# [WHAT NEEDS TO BE DONE]
Reproduce exactly the lines from the one that holds "anzeigen | |" through the last line of the entries, both ends included, but not the pictures.

# [EXTRACTED RECORDS]

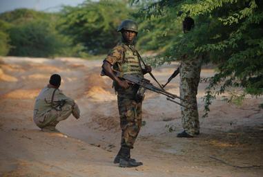 | Keywords: amisom sna operations mogadishu university somalia outdoor A Ugandan soldier serving with the African Union Mission in Somalia (AMISOM) stands just after sunrise 20 January with troops from the Somali National Army (SNA) during an advance into insurgent Al Shabaab territory. The operation saw SNA forces supported by AMSIOM push 3.5km further north from their previous forward defensive line along the industrial road to take the strategically important area of and around Mogadishu Univeristy, the very furthest northern point of the Somali capital and where the Al Qaeda-linked Al Shabaab planned and carried out attacks against the African Union mission, the Transitional Federal Government (TFG) and targets within the Somali capital.. AU-UN IST PHOTO / STUART PRICE. A Ugandan soldier serving with the African Union Mission in Somalia (AMISOM) stands just after sunrise 20 January with troops from the Somali National Army (SNA) during an advance into insurgent Al Shabaab territory. The operation saw SNA forces supported by AMSIOM push 3.5km further north from their previous forward defensive line along the industrial road to take the strategically important area of and around Mogadishu Univeristy, the very furthest northern point of the Somali capital and where the Al Qaeda-linked Al Shabaab planned and carried out attacks against the African Union mission, the Transitional Federal Government (TFG) and targets within the Somali capital.. AU-UN IST PHOTO / STUART PRICE. A Ugandan soldier serving with the African Union Mission in Somalia (AMISOM) stands just after sunrise 20 January with troops from the Somali National Army (SNA) during an advance into insurgent Al Shabaab territory. The operation saw SNA forces supported by AMSIOM push 3.5km further north from their previous forward defensive line along the industrial road to take the strategically important area of and around Mogadishu Univeristy, the very furthest northern point of the Somali capital and where the Al Qaeda-linked Al Shabaab planned and carried out attacks against the African Union mission, the Transitional Federal Government (TFG) and targets within the Somali capital.. AU-UN IST PHOTO / STUART PRICE. university operations somalia sna mogadishu amisom |
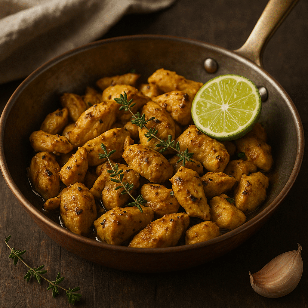 Une poêlée légère et parfumée où le poulet se marie aux notes fraîches de citron vert et combava, relevé par le gingembre, le curcuma et une pointe de piment.
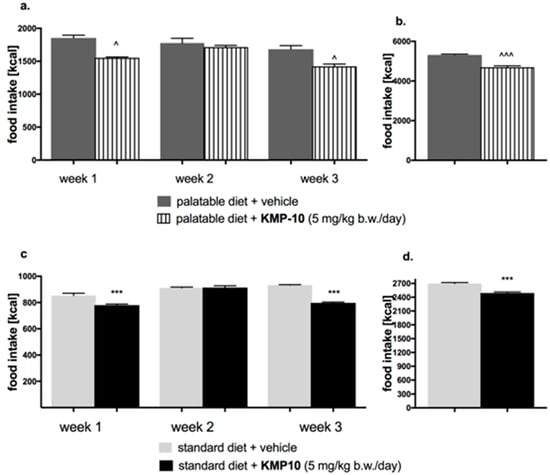 Effect of long-term administration of KMP-10 on food intake in male Wistar rats (a). Food intake by male Wistar rats fed with palatable diet in particular weeks (b). Sum of food intake by male Wistar rats fed with palatable diet (c). Food intake by male Wistar rats fed with standard diet in particular weeks (d). Sum food intake by male Wistar rats fed with standard diet. Results are mean data for two animals housed together, n = 8. ^ Comparisons vs. the vehicle-treated control group fed palatable diet; * comparisons versus the vehicle-treated control group fed standard diet, the two-way ANOVA (a,c) and the Student’s t-test (b,d); ^^, ** p < 0.01; and ^^^, *** p < 0.001.
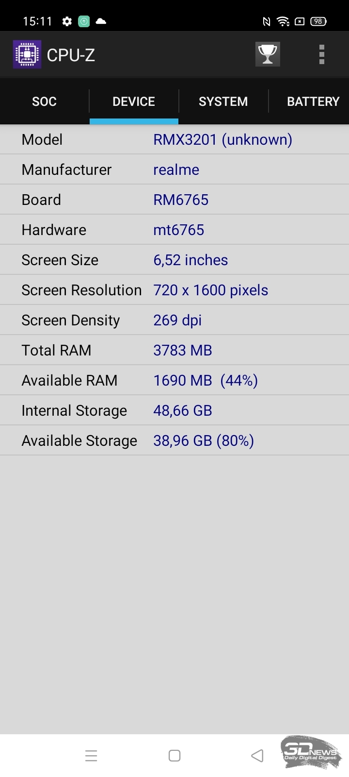 В realme C21 установлен ЖК-экран с IPS-матрицей диагональю 6,5 дюйма с разрешением 1600 × 720 точек, что позволяет рассчитывать на плотность 270 ppi — показатель средний, некоторая пикселизация на шрифтах будет заметна.
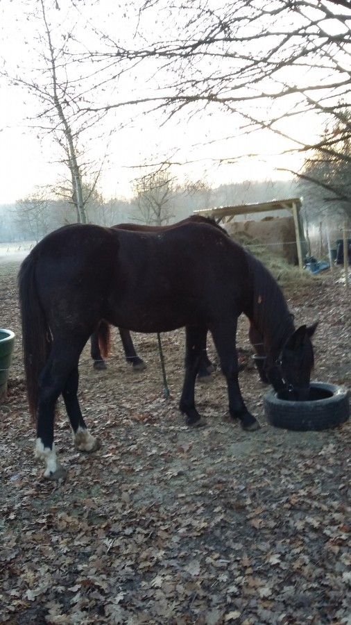 Falonne à eu 18 mois mardi et Firenza prendra 19 mois le 18 décembre. Pour l'instant rien de nouveau, quoi que si les pouliches étaient tellement intéresse par ma selle quand je sellais Ange, que je l'ai posé sur le dos, elles n'ont rien dit. Par contre la tête de mon cheval était très drôle à voir, et le nouveau jeu et qu'elles essayent aussi de mettre le mors. Au moins lors de leur debourrage le matériel ne posera pas de problème.
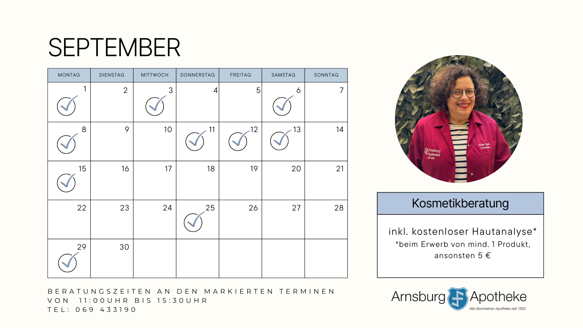 Wir beraten Sie gerne zu Neurodermitis, Akne, Couperose, feuchtigkeitsarmer Haut oder klassischer Anti-Aging Pflege. Auf Wunsch führen wir eine Hautanalyse durch. Mit unserem Hautanalysegerät messen wir Ihre Melanin-, Feuchtigkeits- und Fettwerte. Dadurch können wir Ihre perfekten Pflegeprodukte aus unserem großen Sortiment hochwertiger und apothekenexklusiver Kosmetik finden.
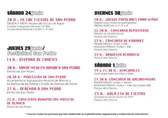 El jueves 29, Festividad de San Pedro, seguirán los actos con la procesión y ofrenda a San Pedro, y el concierto de la Agrupación Musical de Blanca. El viernes 30, los más pequeños podrán disfrutar de las fiestas con la realización de juegos populares. Seguidamente se realizarán los concursos de repostería,que cuenta con premios para el mejor dulce, y el karaoke, que premiará al ganador. Tras la finalización de los concursos, llegará la actuación de la Orquesta Acuarela.
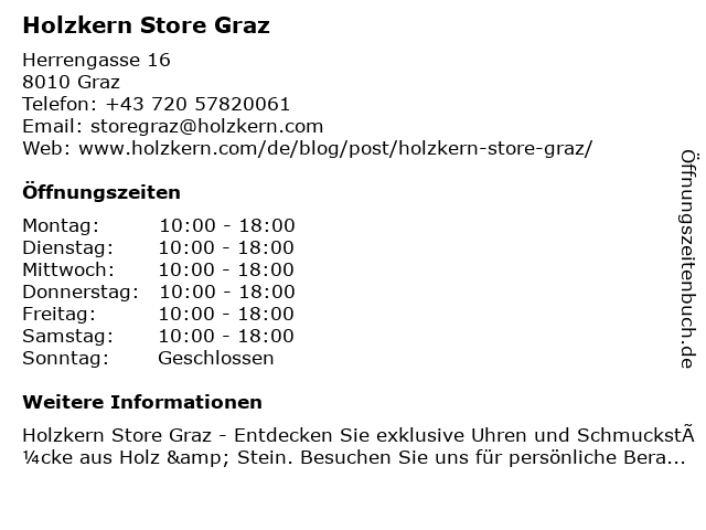 | Öffnungszeiten Holzkern Store Graz in Graz anzeigen | |
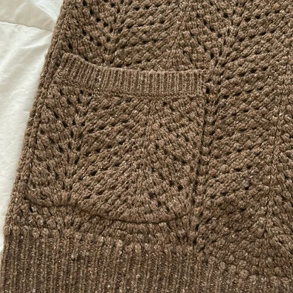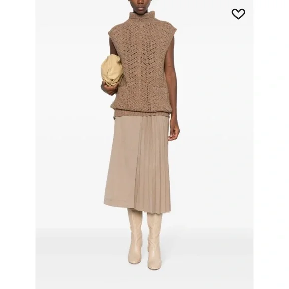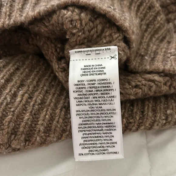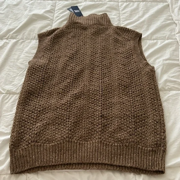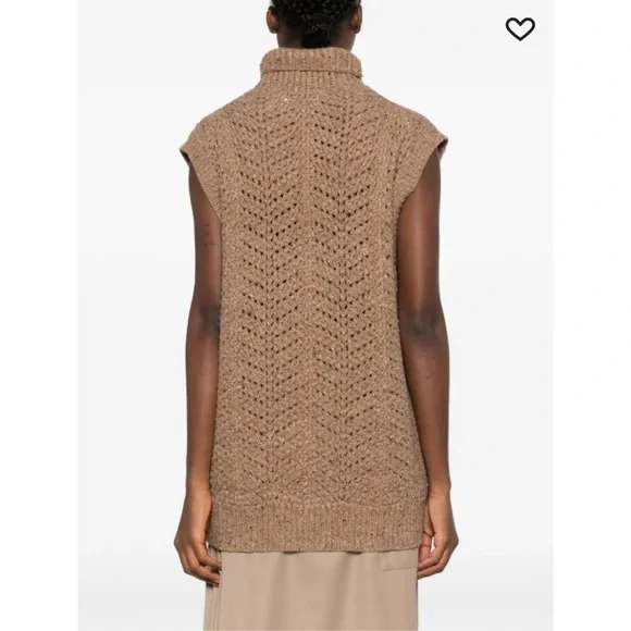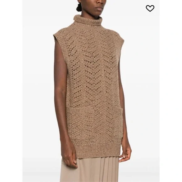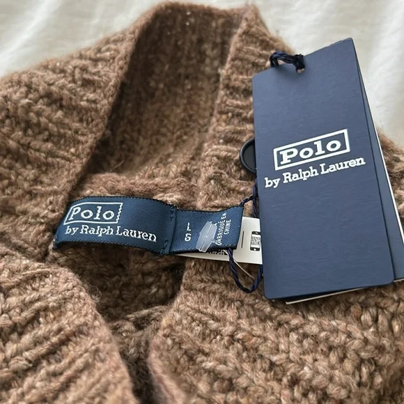 NWT Polo RL Highlights:camel brown, wool blend, open knit, roll neck, sleevelesstwo side patch pockets, ribbed cuffs and hemCompositionWool 38%, Recycled Nylon 26%, Cotton 22%, Viscose 12%, Cashmere 2%Washing instructionsHand WashFitting informationDesigned to be unstructured, offering a loose fit throughoutMade with a midweight knit, this piece offers some stretchThis piece fits true to size – take your usual size
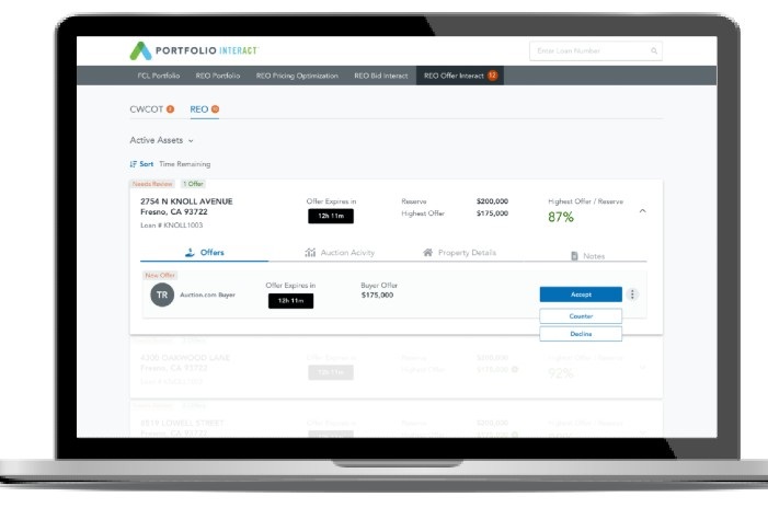 Auction.com’s latest solution is called Offer Interact™, part of the Auction Interact® family of tools and services for maximizing the successful transactions of bank-owned and foreclosure homes.
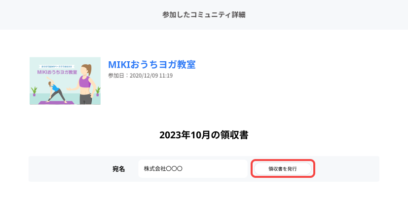 5. 宛名欄に発行したい宛名を入力し、[領収書を発行]を押すと、発行されます。ご設定後現在メンバー・退会済みメンバーが閲覧可能です。
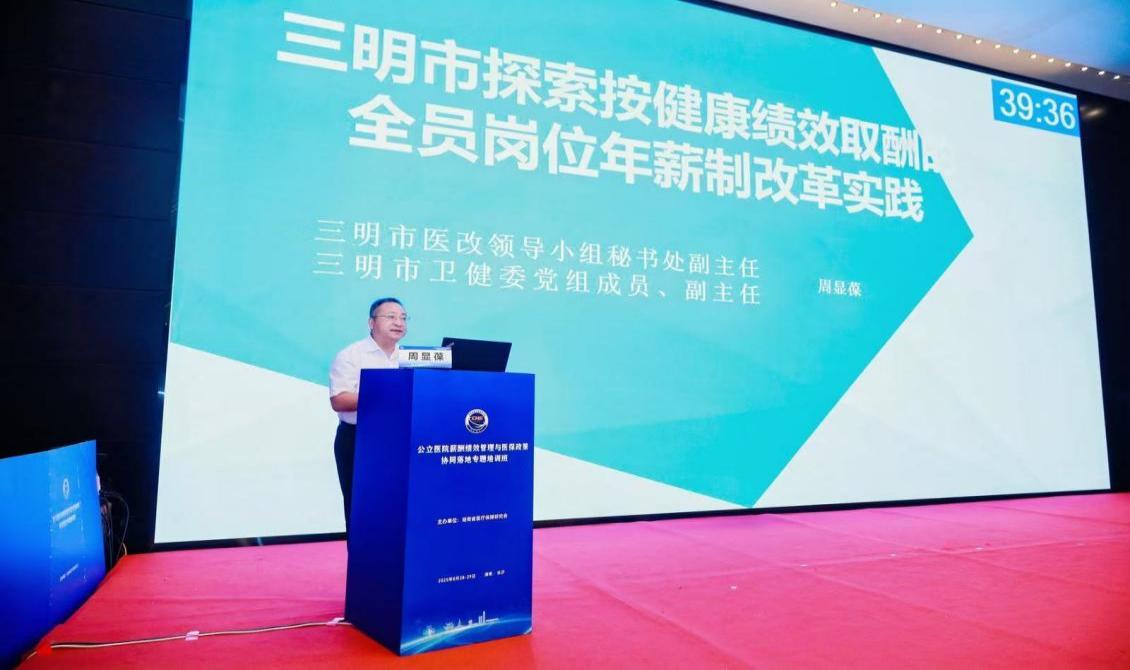三明市医改办主任周显葆以《三明市探索按健康绩效取酬的全员岗位年薪制实践》为题首开报告,系统介绍了三明通过“全员目标年薪、工分制考核、健康结果付费”等制度创新,实现医生收入与医疗质量、居民健康水平挂钩的改革路径,引发与会代表的强烈反响。
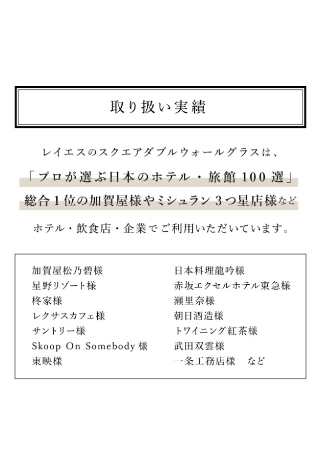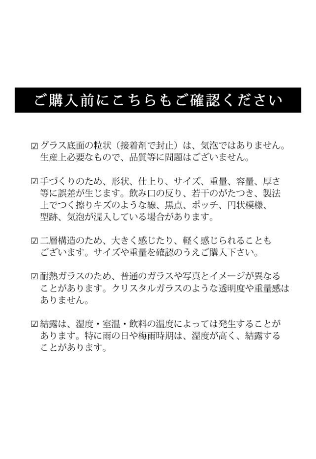 ※二層構造のため、通常のグラスより大きく感じたり、軽く感じられることもございます。サイズ・重量をご確認下さい。
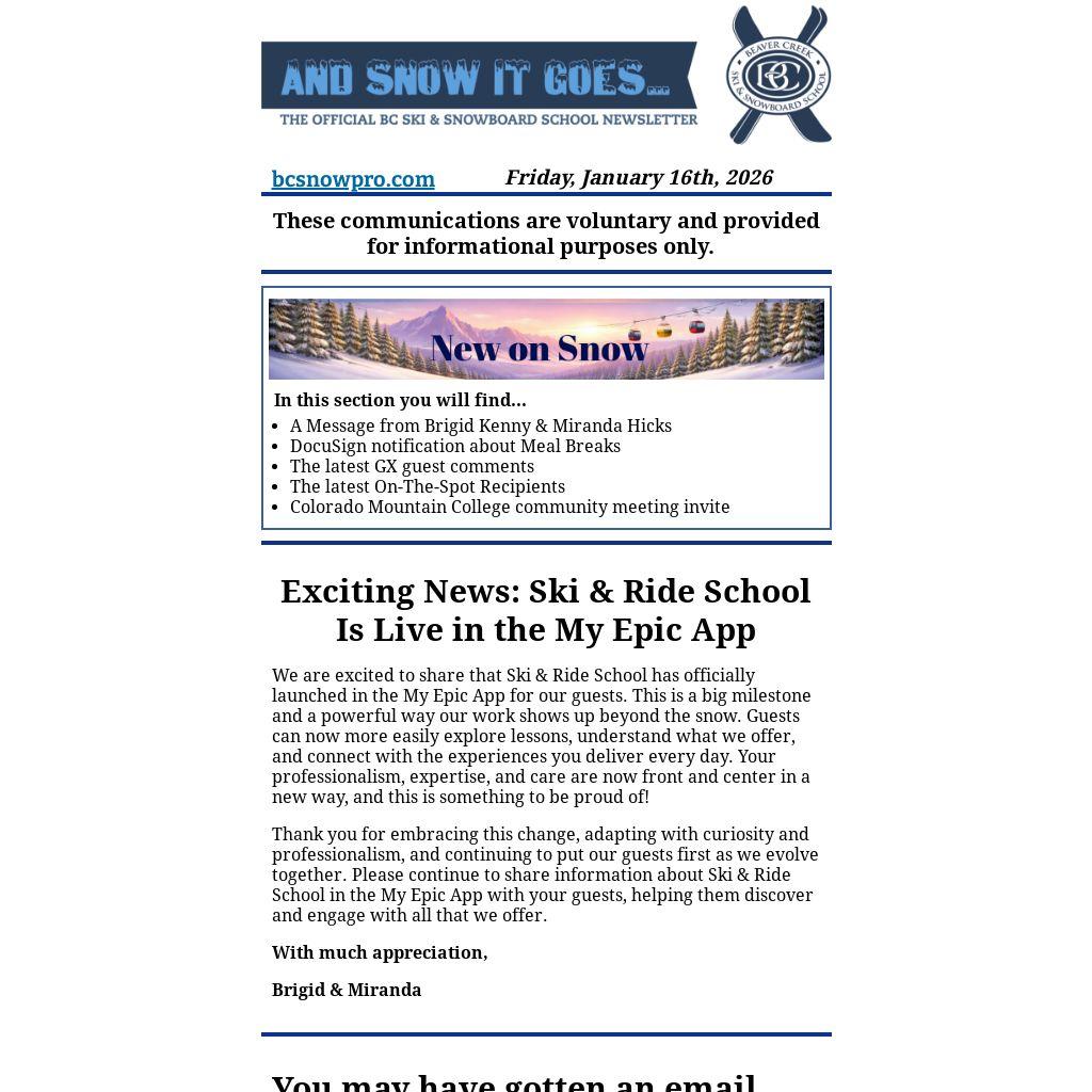 Thank you for embracing this change, adapting with curiosity and professionalism, and continuing to put our guests first as we evolve together. Please continue to share information about Ski & Ride School in the My Epic App with your guests, helping them discover and engage with all that we offer.
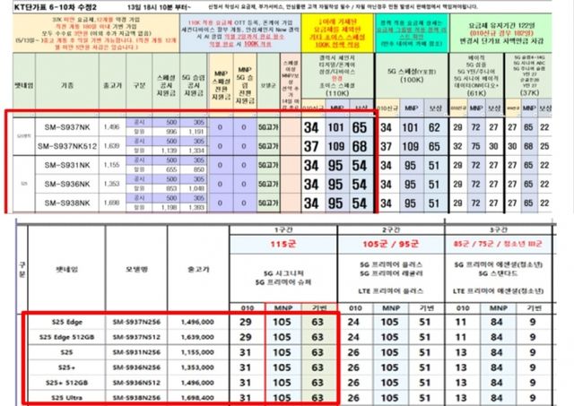 KT와 LG유플러스가 타사 고객 유치(번호이동)에 더 많은 지원금을 책정한 단가표. 사진=독자 제공

# [EXERCISE OUTPUT]
 | Öffnungszeiten Holzkern Store Graz in Graz anzeigen | |
 NWT Polo RL Highlights:camel brown, wool blend, open knit, roll neck, sleevelesstwo side patch pockets, ribbed cuffs and hemCompositionWool 38%, Recycled Nylon 26%, Cotton 22%, Viscose 12%, Cashmere 2%Washing instructionsHand WashFitting informationDesigned to be unstructured, offering a loose fit throughoutMade with a midweight knit, this piece offers some stretchThis piece fits true to size – take your usual size
 Auction.com’s latest solution is called Offer Interact™, part of the Auction Interact® family of tools and services for maximizing the successful transactions of bank-owned and foreclosure homes.
 5. 宛名欄に発行したい宛名を入力し、[領収書を発行]を押すと、発行されます。ご設定後現在メンバー・退会済みメンバーが閲覧可能です。
三明市医改办主任周显葆以《三明市探索按健康绩效取酬的全员岗位年薪制实践》为题首开报告,系统介绍了三明通过“全员目标年薪、工分制考核、健康结果付费”等制度创新,实现医生收入与医疗质量、居民健康水平挂钩的改革路径,引发与会代表的强烈反响。
 ※二層構造のため、通常のグラスより大きく感じたり、軽く感じられることもございます。サイズ・重量をご確認下さい。
 Thank you for embracing this change, adapting with curiosity and professionalism, and continuing to put our guests first as we evolve together. Please continue to share information about Ski & Ride School in the My Epic App with your guests, helping them discover and engage with all that we offer.
 KT와 LG유플러스가 타사 고객 유치(번호이동)에 더 많은 지원금을 책정한 단가표. 사진=독자 제공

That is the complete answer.